Often working around the clock in his Indianapolis workshop, Richard Gatling hoped his device would replace the effective but cumbersome canister shot used on the battlefield, where artillery was transformed into a giant shotgun, bringing down swaths of soldiers with each shot, but being slow to load, aim and fire. His gun would be small, portable, easy to load and fire, and would serve the same purpose. A handful of minimally trained operators could hold off entire companies of soldiers.  

He submitted several patents for the Gatling gun, referring to it formally as the “Battery Gun”.  The first was in 1862, with subsequent patents filed in 1865, 1870 and 1872. Although the specifications of the gun changed over time, the original fired .58 caliber bullets at a rate of 200 rounds per minute. The rotating barrels prevented the weapon from overheating and the intuitive hopper feed made loading the weapon a cinch.

Since the gun relied on hand cranking to fire, and not the energy of expelled rounds, it technically isn’t the first automatic weapon, but it filled the same niche and demonstrated the advantages of such a design. Later on, Gatling would reveal an electric motor to replace the hand crank, allowing his gun to fire at a nightmarish rate of 3,000 rounds a minute!

Like other terrible weapons of war, its inventor did not design it in hopes of killing, but to bring the killing to an end. And, like many other terrible weapons of war, that is not what happened. The Civil War ended before the US Army adopted the Gatling gun, apprehensive about its rapid rate of fire, which was considered wasteful.

After the Civil War, Richard Gatling’s invention founds use on American naval vessels, in South America and Canada.
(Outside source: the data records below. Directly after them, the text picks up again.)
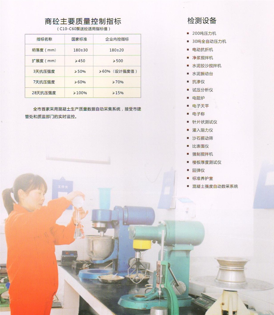 公司設(shè)有先進(jìn)的實(shí)驗(yàn)室,配備全套混凝土及原材料檢測試驗(yàn)設(shè)備,配有專職的試驗(yàn)、檢驗(yàn)人員,可承擔(dān)混凝土的材料性能試驗(yàn),工藝質(zhì)量控制、產(chǎn)品質(zhì)量檢驗(yàn)等全部試驗(yàn)、檢驗(yàn)項(xiàng)目,為確保混凝土質(zhì)量提供了可靠的保證。
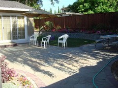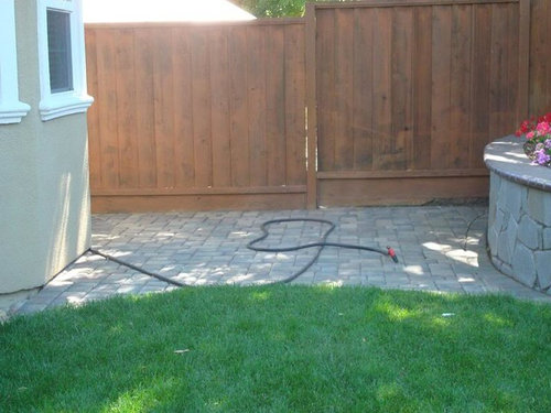 Paver area on far side we were thinking of putting in the patio swing which my DDs will enjoy lounging and reading. This is separated from the main patio by section of grass and far away from house entry, but is shady here in the middle part of the day due to neighbor's large tree on other side of the fence. I do need to soften the fence look so probably add a couple of planters to either side of the swing and/or small side table.
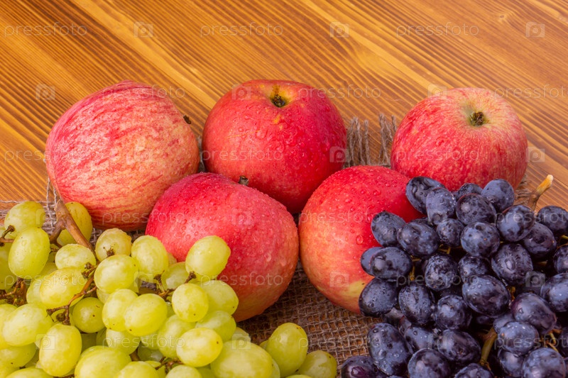 Различные виноград и яблоки на деревянном фоне. Здоровая пища
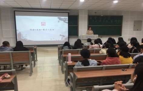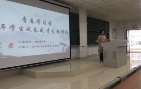 本网讯 为了让大一新生对大学生活有更充分的了解,帮助新生树立正确的目标,外国语学院2017级英语(师范)3班的宋丽雯同学于11月16日下午在滨湖校区博学楼A108以“在青春学习营里的所学所知”为主题展开了系列经验分享活动。全体2019级外国语学院新生参与本次活动。

The expansion of the British empire into Africa and India is largely due to the Gatling gun and Russia alone deployed hundreds of them to Asia to subjugate bands of nomads. To Richard Gatling’s dismay, his weapon to end wars became a weapon of dominance and colonialism.
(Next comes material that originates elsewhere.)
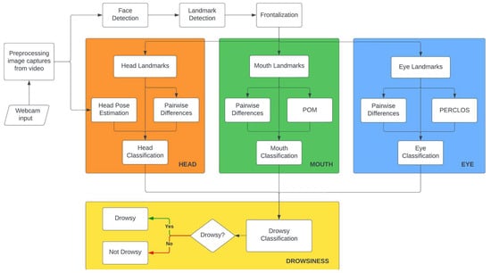 Furthermore, the detected features were first fed into multiple models for each facial area. Features related to the eye are fed into a model to detect the status of the eyes according to whether the eyes are sleepy or not. Features related to the mouth are fed into another model to detect the status of the mouth—if the mouth is yawning, still, or talking—and another model is fed features related to the head to detect whether the head is still nodding or looking to the side. From the results of these three trained models, the predictions will then be fed into another model to perform the classification of drowsy or non-drowsy. This is shown in the flowchart in Figure 2.

BRITISH TROOPS IN AFRICA, 1879

Eventually, the Gatling gun’s carriage and size became a liability for moving armies, and it was replaced by the Colt-Browning M1895, a tripod-mounted automatic gun capable of 450 rounds per minute. Gatling turned away from war machines and instead occupied himself with a variety of different inventions, improving bicycles, textile machinery and pneumatic devices.

Richard Gatling died in 1903 at the age of 84 in New York City. His body was returned to Indianapolis, where he was buried at the Crown Hill Cemetery.